Some DOTs have leveraged equipment technology to help make up for the driver shortage. Colorado and New Hampshire use tow plows, a setup in which a truck pulls a trailer with a second plow mounted on its side. The trailer can be steered into the adjacent lane, so one truck can plow two lanes at a time.

“You don’t really want them up on mountain passes with lots of curves and things like that. But where you can use them, they’ve become a force multiplier,” Nelson explained.

(Photo: Jim Allen/FreightWaves)

Agencies have also installed road weather information systems along highways to fill in gaps where the National Weather Service has no observation sites. This gives DOTs real-time situational awareness to help determine whether they even have to send plow drivers to certain areas.
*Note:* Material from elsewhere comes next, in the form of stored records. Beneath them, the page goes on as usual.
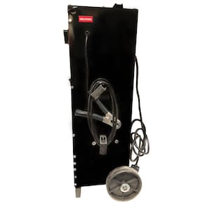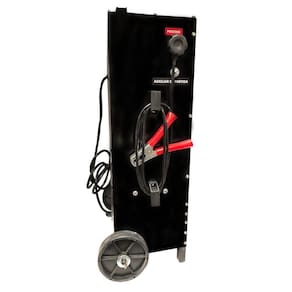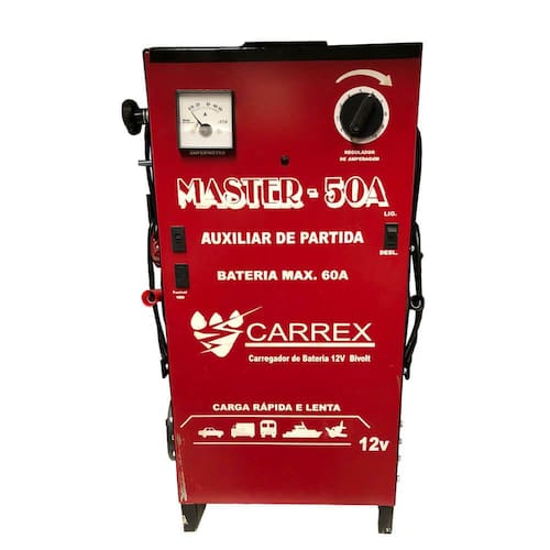 Carregador de bateria automotiva possui fácil manuseio. Equipado com alça e rodas para facilitar o transporte, oferece praticidade e desempenho.
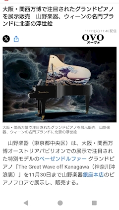 なんか急に仕事が落ち着いてきました😅 今日だけかな。。 油断してると、また一気に仕事に押しつぶされるので、しっかりやることは終わらせます☝️ 大阪関西万博のオーストリアパビリオンに展示されていたピアノ🎹 入ってすぐに置かれてて、自動演奏機能があって素敵な音を奏でてましたが、、 あれって、販売されるんですね💦💦 ベーゼンドルファーのピアノに葛飾北斎の絵だそうで。。 贅沢〜✨✨ こんなのが家にあったら、博物館ですね😄 普通に弾けなさそう。。 価格は4,994万円だそうです。 誰かが買うのでしょうか。。 では、これから出勤します。 準備しまーす。
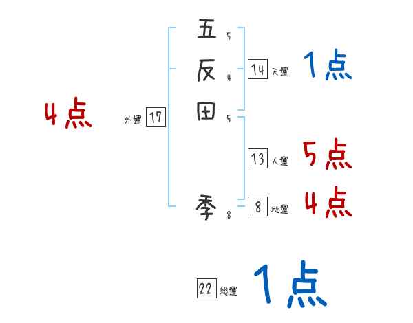 五反田季さんの画数の鑑定結果
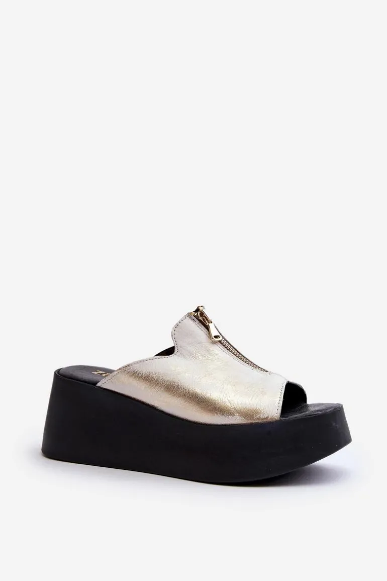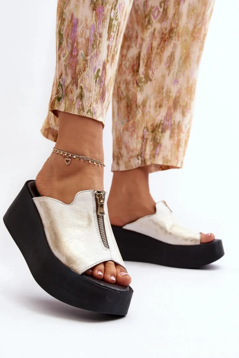Stylowe klapki damskie osadzone na masywnej platformie. Wykonane ze skóry naturalnej. Z przodu cholewki ozdobny zamek. Miękka, skórzana wkładka zapewni komfort nawet w upalne dni! Koniecznie sprawdź całą naszą kolekcję damskich klapek! Przy wyborze rozmiaru prosimy sugerować się tabelą rozmiarów.
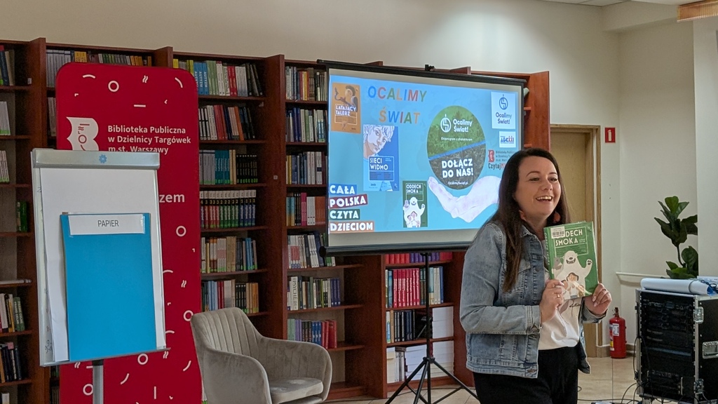Spotkanie odbyło się w ramach programu edukacyjnego „Ocalimy świat”, organizowanego przez Fundację „ABCXXI – Cała Polska czyta dzieciom”. Prowadząca zajęcia bibliotekarka sięgnęła po wyjątkową książkę – „Oddech smoka”. Przeczytała jedno z opowiadań zamieszczonych w tym ekologicznym zbiorze literackim dla dzieci, stworzonym specjalnie na potrzeby projektu.

Nelson also said that many respondents had issues retaining new plow drivers. This has become a trend since states have been able to offer full CDL training, thanks to new rules set by the Federal Motor Carrier Safety Administration. In states not offering incentives to stay, younger drivers have been leaving for better-paying jobs at trucking companies once they earn their CDLs.

Other plow drivers have been leaving for traditional truck driving jobs out of frustration because they weren’t utilizing their CDL skills except during winter. They spend most of their summers filling potholes and cracks, as well as repairing guardrails.

“To say, OK, you’re only going to be driving a truck half the time out of the year and the other half of the time you’re going to be doing laborer work with the DOT … it’s kind of a difficult situation,” Nelson said.